The function returns an array of the URLs to be downloaded. Those URLs may be either absolute or relative to the index.
NB: those URLs are also matched against the extensions choosen in the program main window.
Growing set of indexes
The second parameter of the filter function may be used to schedule other indexes.
Synopsis
downloadManager.addRequest(url, folder);
- url
- URL of the index to be downloaded
- folder
- name of the folder where the files linked by this index are downloaded to. If this argument is omitted, then an automatic generated name is used.

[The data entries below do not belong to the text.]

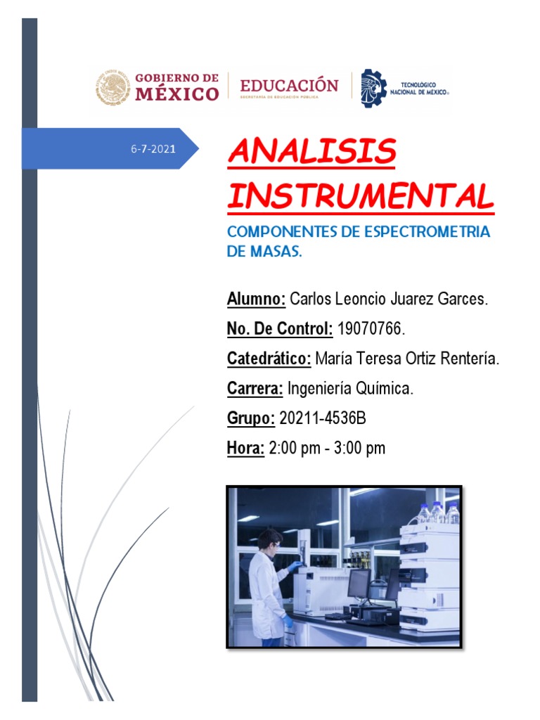 detector de un cromatógrafo de gases, en una técnica espectrómetro de masa.
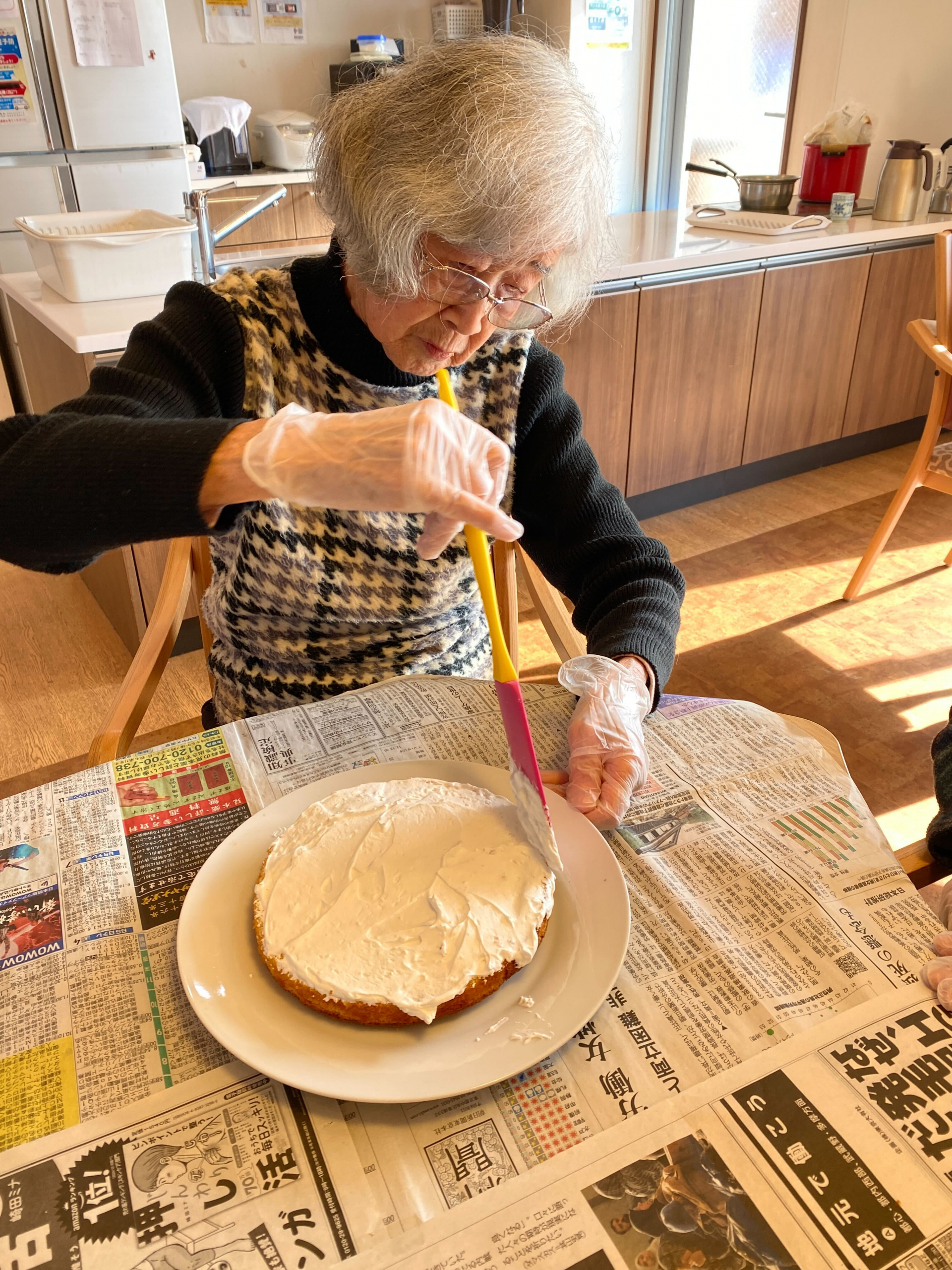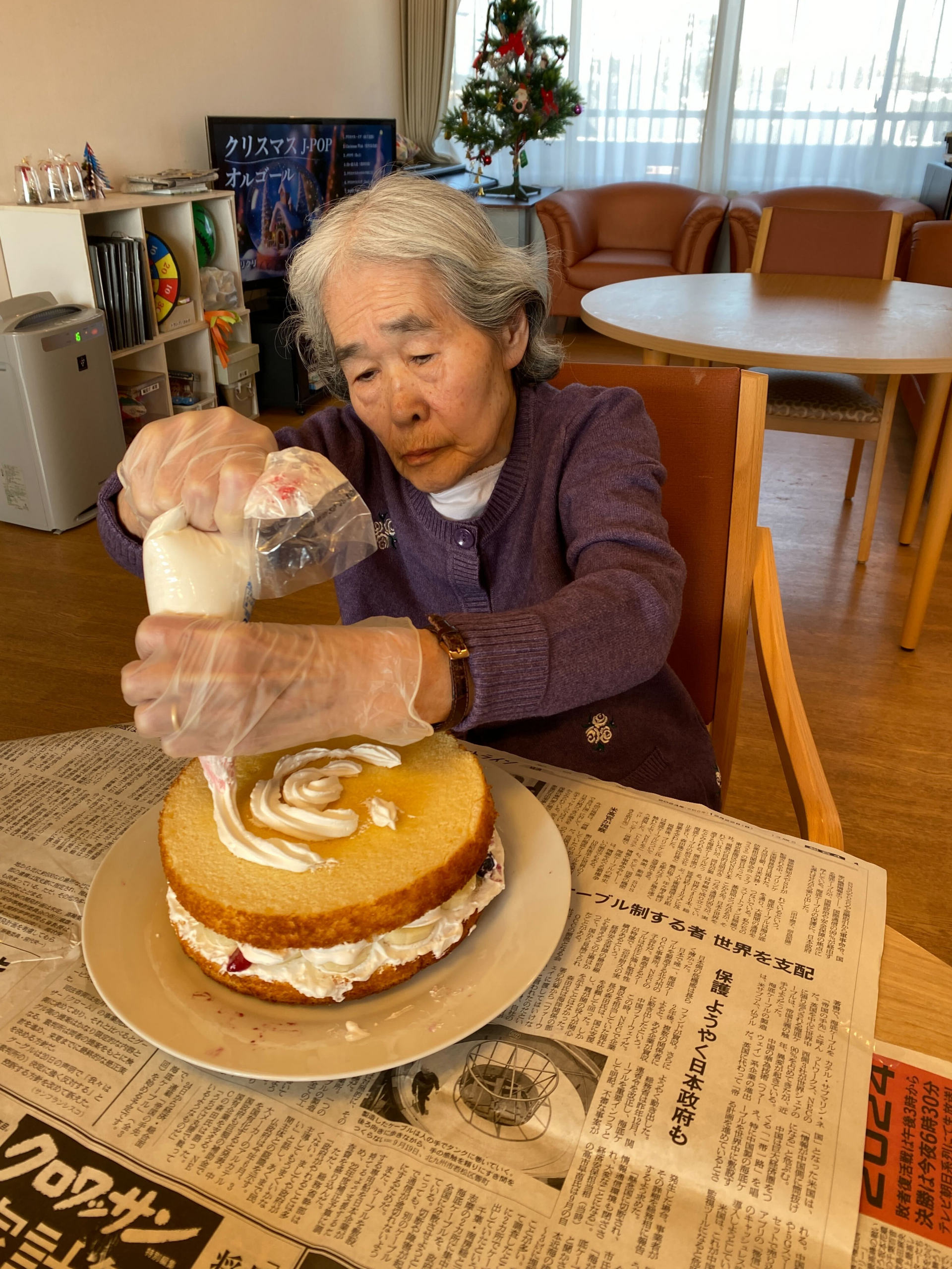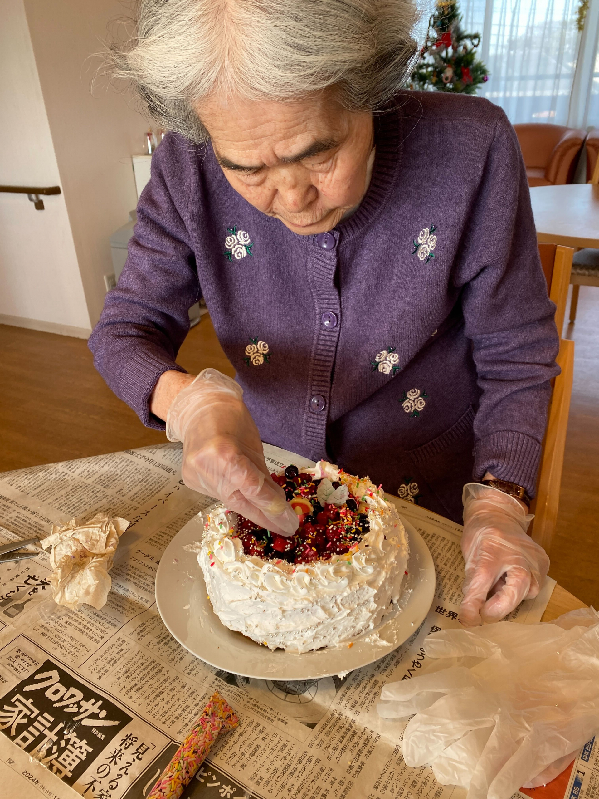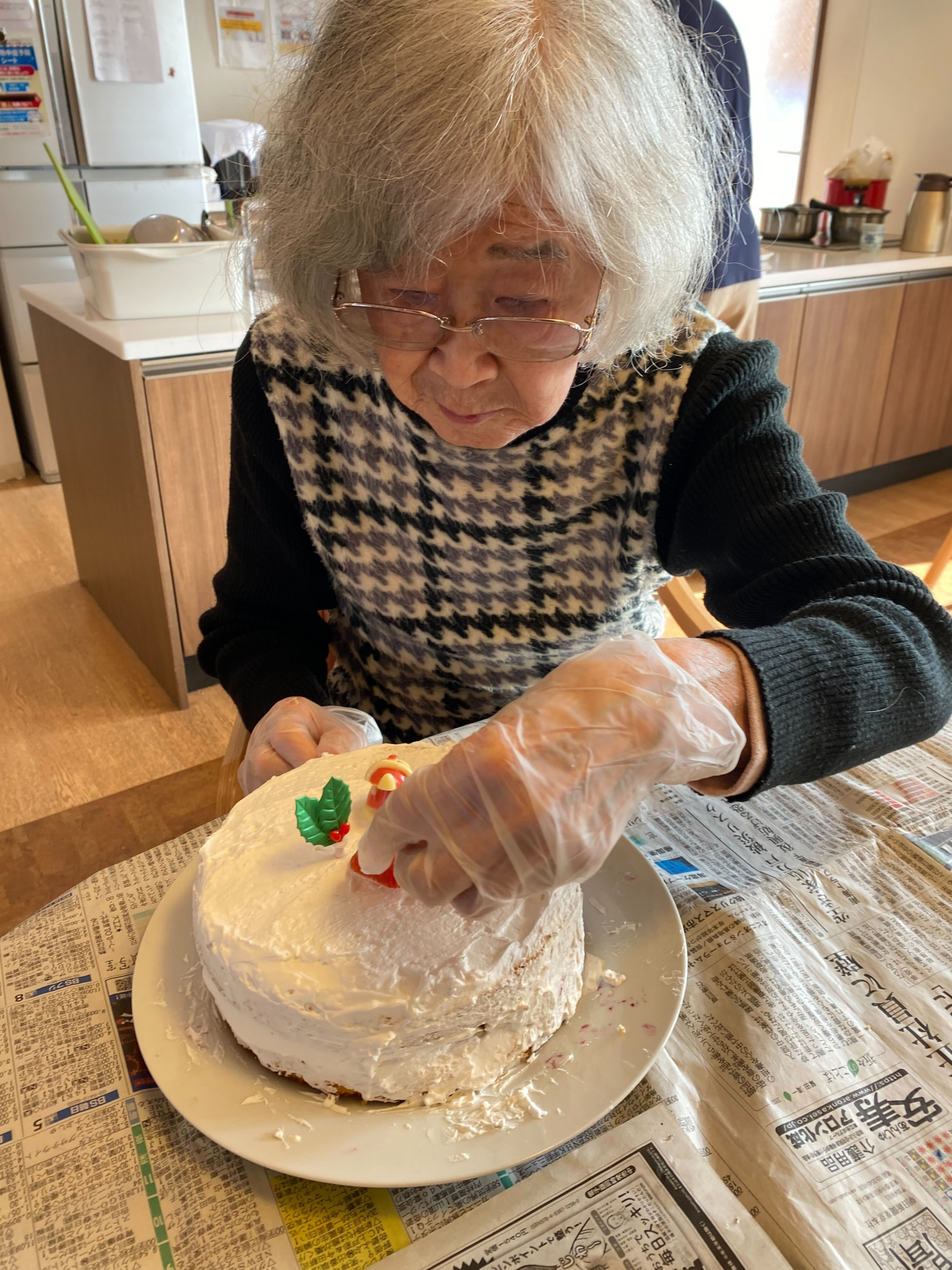 こんにちは!!今日はクリスマスの日ですが午前中に皆様と一緒にクリスマスケーキを作ってくれました。
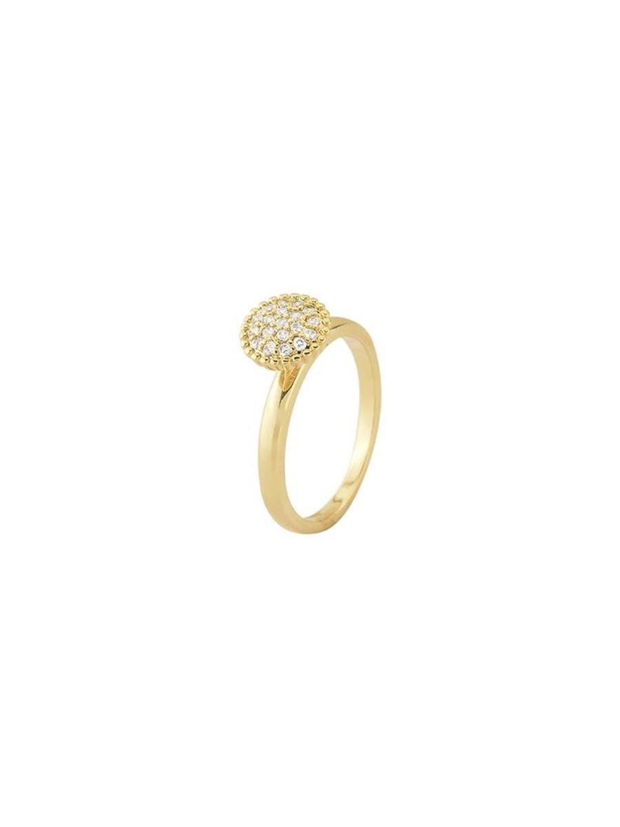 Anel modelo chuveiro redondo, cravejado com micro zircônia incolor, banhado a ouro 18K.

The function returns true if and only if the request is schedeled. It may fail if the folder's name isn't correct
(ex it contains / or it is equal to . or ..).
You have to guarantee that infinite recursion may not occur.
License
QPictureDownloader 2.0.0, a free picture grabber
Copyright (C) 2007 2008 Manuel Fiorelli <manuel.fiorelli@gmail.com>
This program is free software; you can redistribute it and/or modify it under the terms of the GNU General Public License (version 2) as published by the Free Software Foundation.
This program is distributed in the hope that it will be useful, but WITHOUT ANY WARRANTY; without even the implied warranty of MERCHANTABILITY or FITNESS FOR A PARTICULAR PURPOSE. See the GNU General Public License for more details.
You should have received a copy of the GNU General Public License along with this program; if not, write to the Free Software Foundation, Inc., 51 Franklin Street, Fifth Floor, Boston, MA 02110-1301, USA.